Want the best return on your tax dollar investment? Invest in children
It is no secret that investments in children’s health, education, and overall well-being pay high dividends for taxpayers and the economy as a whole. So why will the federal government be shrinking its investment in children over the next decade?
High-quality early childhood programs and K-12 education, stable housing, and adequate nutrition help children grow into healthy adults who are able to support themselves and contribute to economic growth. However, without changes to current law, the federal government will spend less and less over the next decade on children’s education, nutrition, housing, early education and care, social services, training, tax provisions, and every other category of program except health (particularly Medicaid). Currently, about 10 percent of federal spending is invested in children. That investment will fall below 8 percent by 2024.

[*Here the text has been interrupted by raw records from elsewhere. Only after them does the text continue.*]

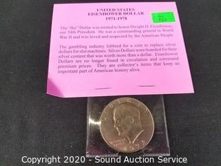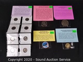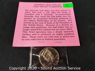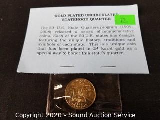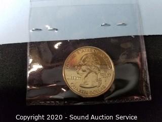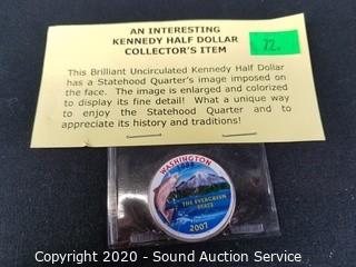 Item Description: Includes gem proof BU Kennedy half dollar painted in the Washington State 2007 Statehood Quarter Image, 1972 Eisenhower dollar, gold plated New Mexico statehood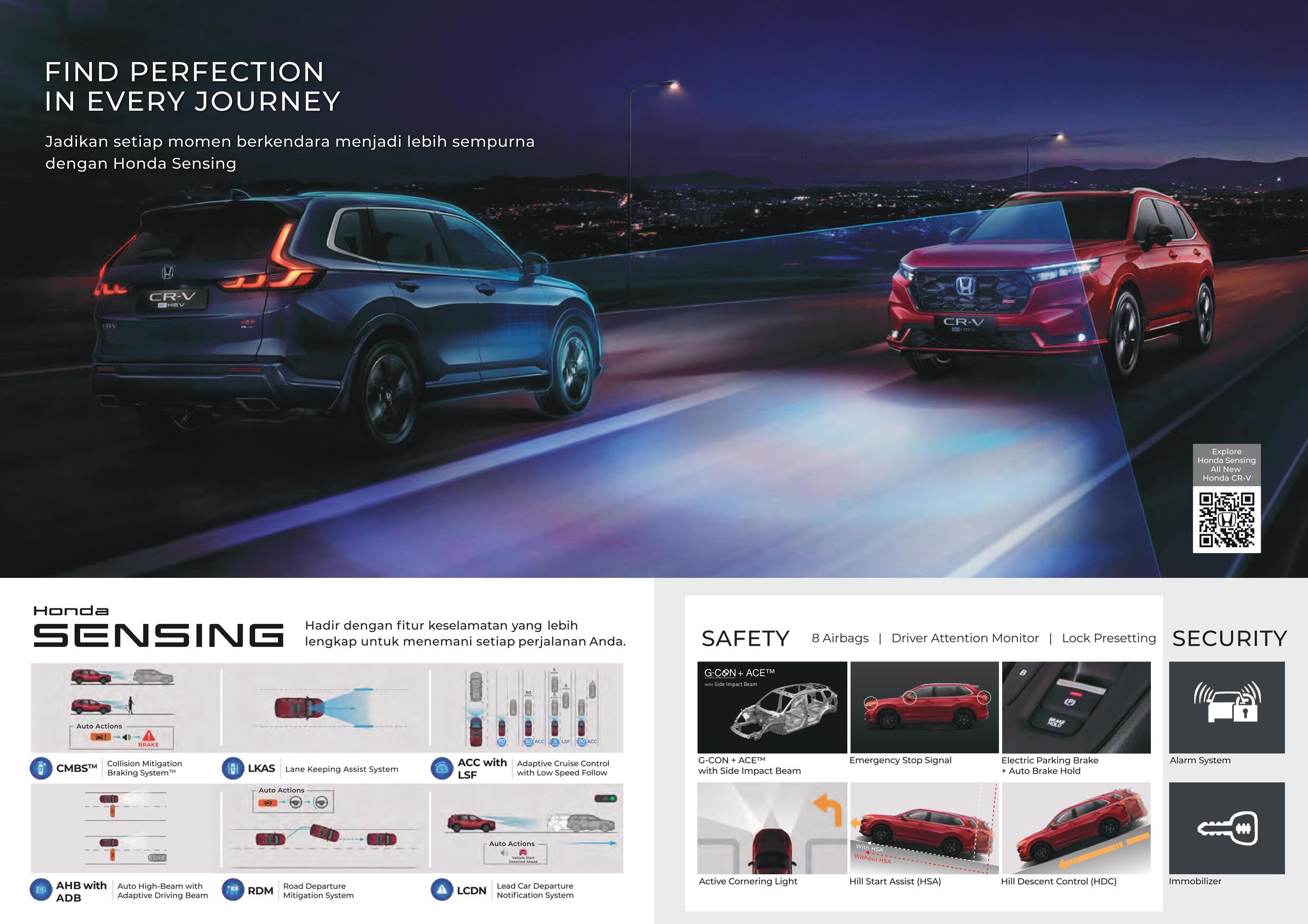 Dilengkapi fitur keselamatan terdepan, termasuk Honda SENSING yang kini hadir lebih lengkap untuk memberikan rasa aman di perjalanan Anda.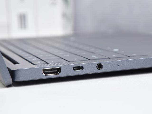 机身左侧配有1个标准的HDMI2.1视频端口,1个全功能雷电4接口和1个3.5mm耳麦插孔,机器整体的扩展性能够满足日常应用需求。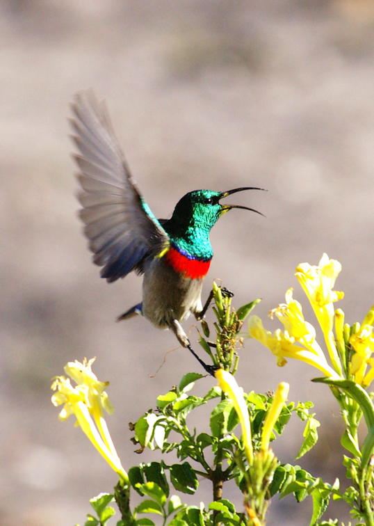The beaks of the conspicuous endemic Orange-breasted Sunbird and the Southern Double-collared Sunbird are tailor-made for sipping the sweet stuff from the floral tubes of the various Erica species. You cannot miss the male Cape Sugarbird, with its ridiculously long tail (almost 70% of its total length), feeding on the nectar of Protea species. The impressive tail is solely a decorative testimony to manhood - the longer, the better! They whip their tails to attract females and ward off rivals.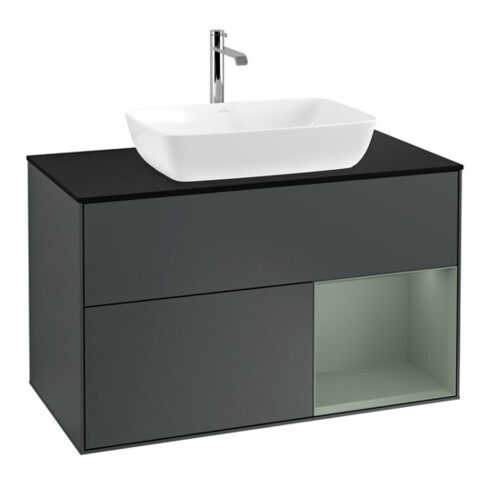 TTCV&B Meuble sous-lavabo Éclairage mural Finion 100, Pl blanc mat, Rg Olive mat laqué, avec bleu mat laqué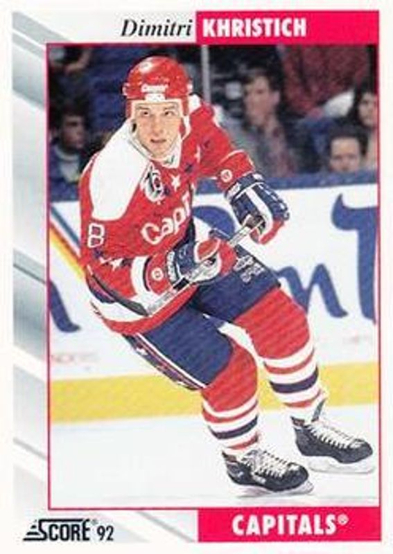 The Dimitri Khristich 1992 Score #33 Base card is 1 of 2 Dimitri Khristich's card variations in the 1992 Score set being tracked by Sports Card Investor, including Sharp Shooters.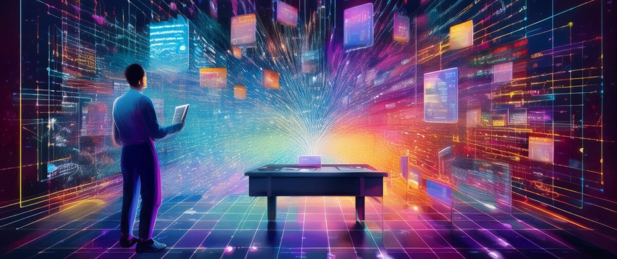 Eine futuristische Darstellung von einem Tisch, von dem aus viele verschiedene Lichtstränge ausgehen, undeutlcihe Screenshots im Hintergrund, eine Person, die auf die Lichtstränge und Screenshots schaut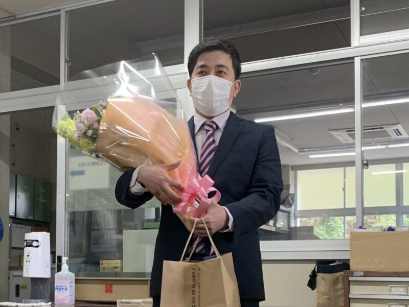本年度末で池原先生が退職となります。新型コロナウイルスの感染症対策の影響で、外部での歓送迎会は行えませんので、本日の朝、職員室にてささやかではありますが送別会を開きました。沖縄出身の池原先生は本校に入学し、卒業後そのまま教員としてご尽力いただきました。退職後も静岡にいらっしゃるとのことです。13年間ありがとうございました。(yagawa)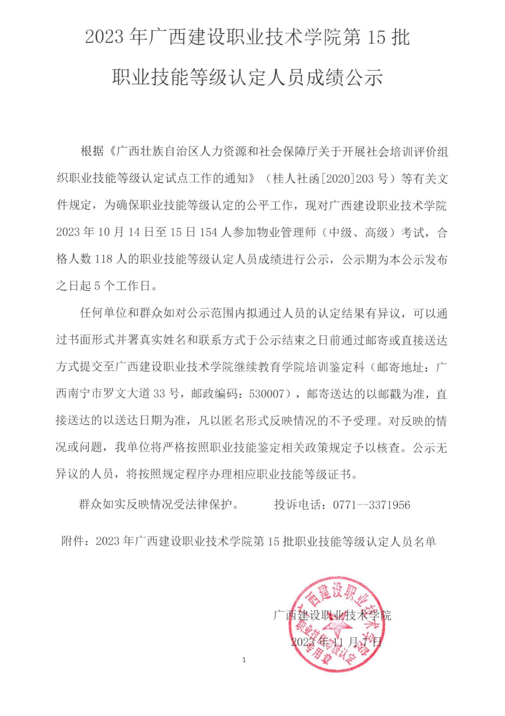培训信息 当前位置: 首页 >> 培训信息 >> 正文 2023年伟德国际1946源于英国第15批职业技能等级认定人员成绩公示 发布日期:2023-11-08 点击: 附件【2023年伟德国际1946源于英国第15批职业技能等级认定人员成绩公示.pdf】已下载次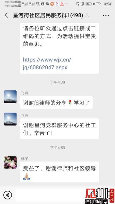 講座還未開始,廣大居民已在線上等待。看到一些居民不太熟悉線上操作,社區(qū)的網(wǎng)格員們紛紛自發(fā)行動,充當(dāng)起各居民群里的網(wǎng)絡(luò)專家,為大家答疑解惑。本次講座主要涉及家庭暴力的立法、執(zhí)行和救濟(jì)等法律問題。段律師以最近網(wǎng)絡(luò)上廣泛關(guān)注的“美妝博主宇芽被家暴”的案例為切入點,通過分析家庭暴力案件的相關(guān)數(shù)據(jù),闡釋了我國《反家庭暴力法》的立法背景以及實施的現(xiàn)狀,并為大家講解在生活中遇到家庭暴力時如何通過法律手段維權(quán),受到大家的一致好評。本次講座收聽人數(shù)達(dá)1500人次,課后大家仍然熱情不減,繼續(xù)在線上相互溝通交流家庭暴力問題。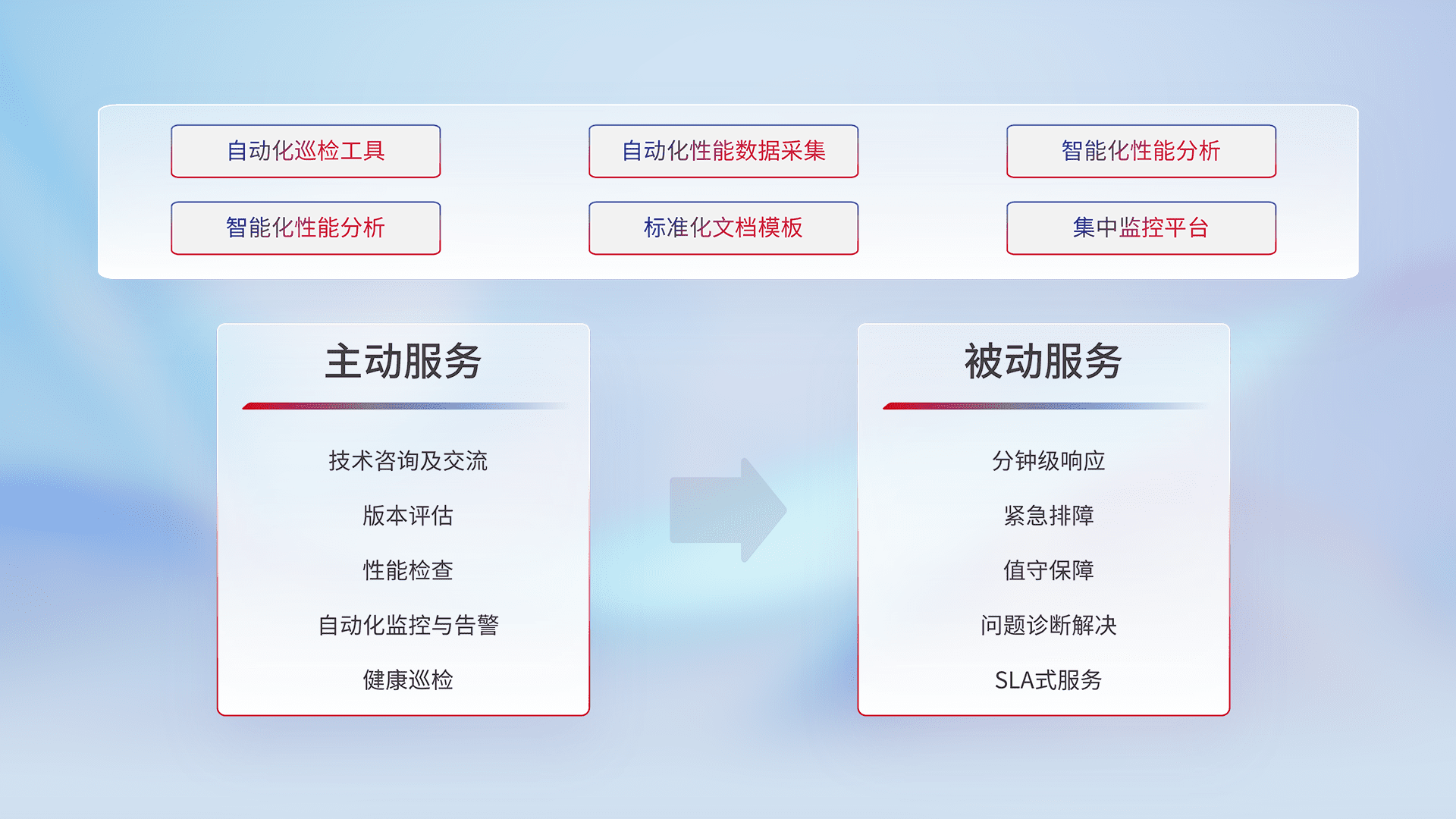 智能化工具和标准化文档,,保障服务质量,,,,提供主动服务(包含技术咨询、、、版本评估、、、、性能检查、、、、自动化监控与告警、、、健康巡检)和被动服务包含(分钟级响应、、、、紧急排障、、值守保障、、、问题诊断解决、、SLA服务)。。。。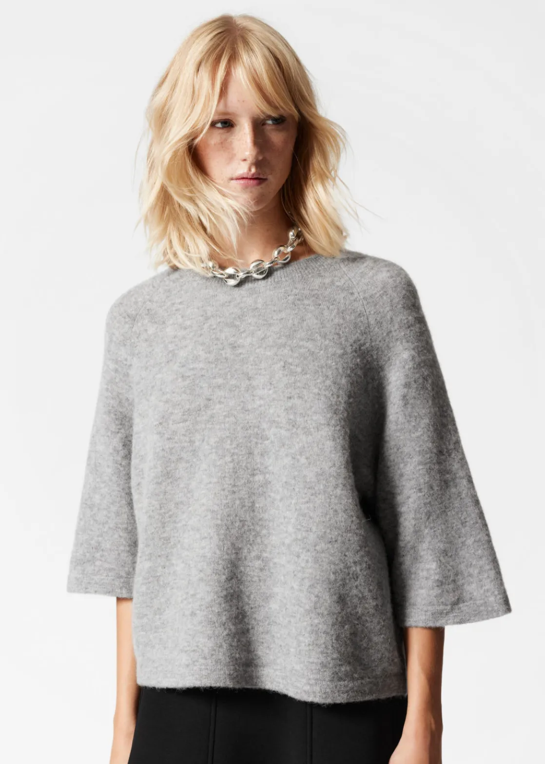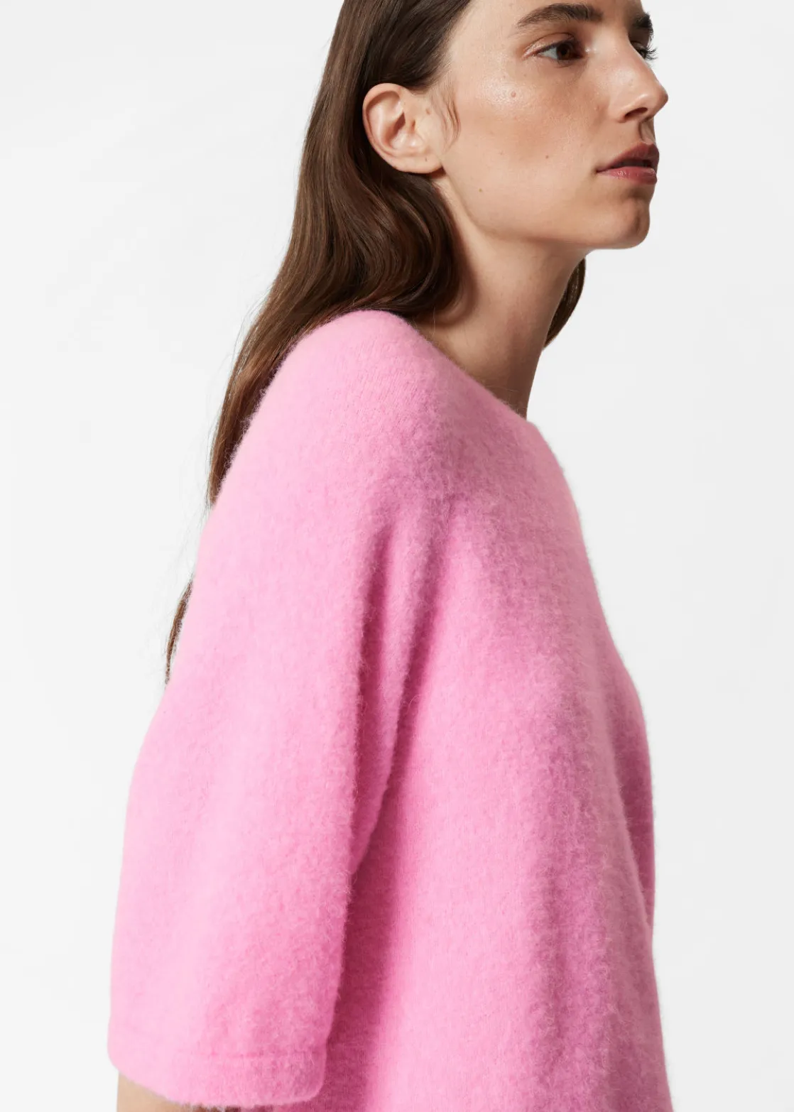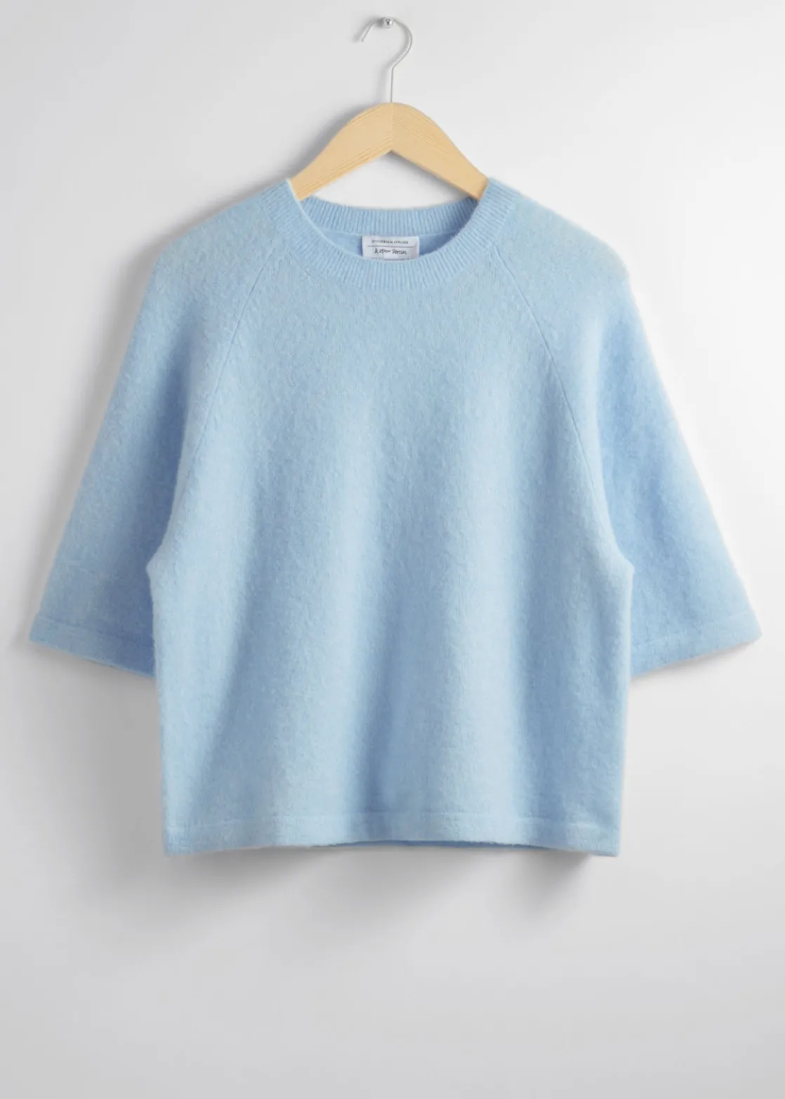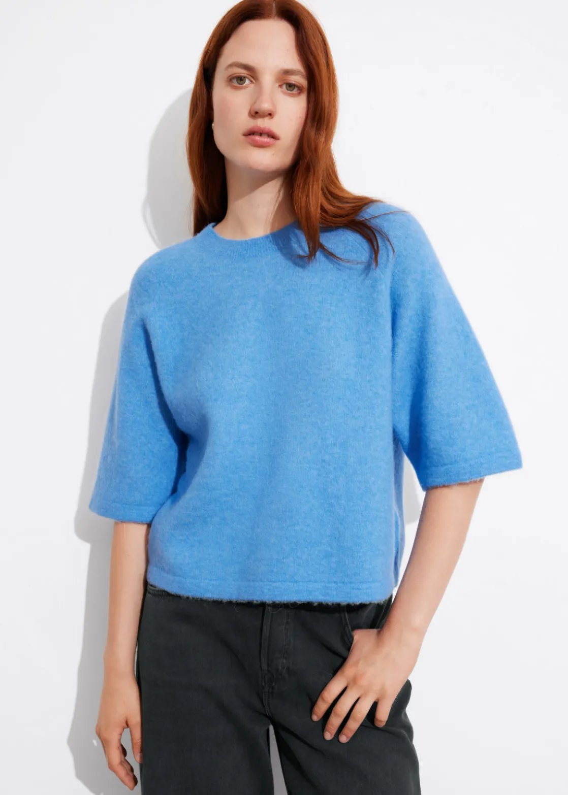 Crewneck t-shirt knitted from alpaca and merino wool.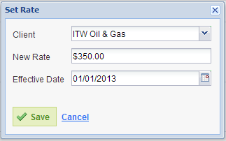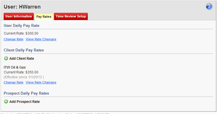 Let's examine HWarren's Pay Rates below; his User Daily Pay Rate is $300.00. That is the amount he will be paid unless it is overridden by a Client Daily Pay Rate or a Prospect Daily Pay Rate. HWarren has a Client Daily Pay Rate of $350.00, effective 1/1/2013, for the client ITW Oil & Gas. For the work he does for any job of ITW Oil & Gas since 1/1/2013, he'll be paid $350.00; for all other work, he'll be paid $300, his User Daily Pay Rate.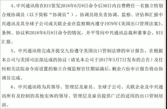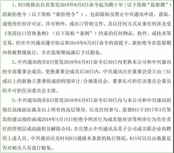 在中興通訊根據(jù)協(xié)議和2018年6月8日命令及時全額支付10億美元及(2)將額外的4億美元支付至美國銀行托管賬戶后,BIS將終止其于2018年4月15日(美國時間)激活的拒絕令(以下簡稱“2018年4月15日拒絕令”)并將中興通訊從《禁止出口人員清單》中移除。如果上述條件均滿足且中興通訊已從《禁止出口人員清單》中移除,BIS將對外公布。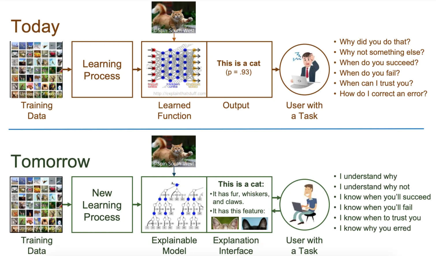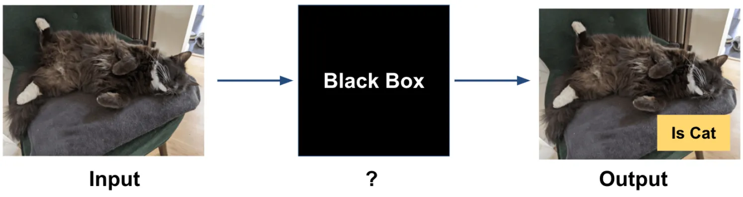 위의 그림과 같이, 개/고양이 분류기에 고양이 사진을 넣어서 결과로 이 사진이 고양이 사진이라는 것을 얻을 수는 있지만, 안에서 어떤 과정이 일어났기에 고양이라고 결론 지을 수 있는지에 대해서 알 수 없다는 말입니다.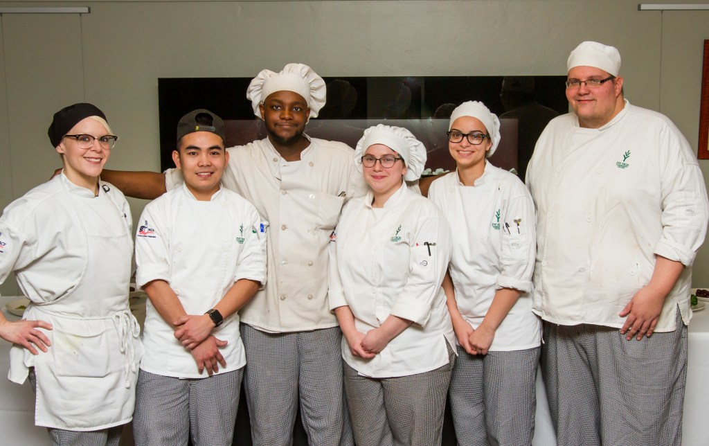 Culinary students prepared a meal with an appetizer; an entrée with a protein, vegetable, and starch; and a dessert. Baking students prepared items including plated chocolate and fruit desserts, yeast bread and rolls, and a decorated cake.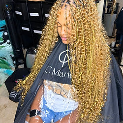 Bohemian Knotless Braids are lightweight knotless braids with soft curly strands throughout for a full, textured look. This protective style offers movement, volume, and a beautiful bohemian finish while remaining gentle on your natural hair.
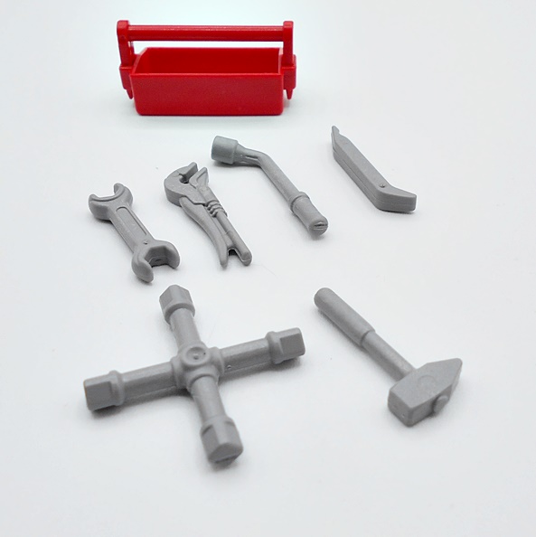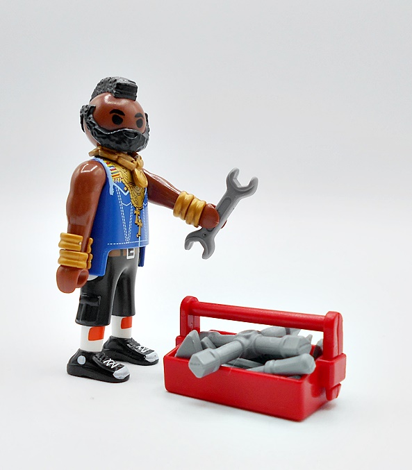 Croc’s more normal accessories consist of a fighting knife and a pistol, each of which can be stored on his person in the sheath and holster. The pig-sticker is mostly bare gray plastic, but it does have some green paint on the wrapped handle, giving it a bit of personality.

The reason for the declining investment in children is not a deliberate rejection of children and their needs. Rather, it is because the federal budget is on autopilot to spend ever larger amounts on Medicare, Medicaid, and Social Security for adults. As federal spending grows over the next decade, 94 percent of the new spending will go to these three programs for adults and debt payments. Only 2 percent of new spending will go to children’s needs. Because revenues keep falling short of spending, interest payments on the debt will exceed spending on children from 2017 onward, and by larger amounts each year.
Those who wish to improve the financial health of the nation should care about federal supports for children and should attend to the broad budget trends that squeeze out wise investment.
These figures come from our recent report Kids’ Share 2014, an annual publication in which we analyze federal, state, and local expenditures on children from 1960 through 2024.
This post's graphic has been updated. It originally identified the grey bars as 2014, rather than 2024. Apologies.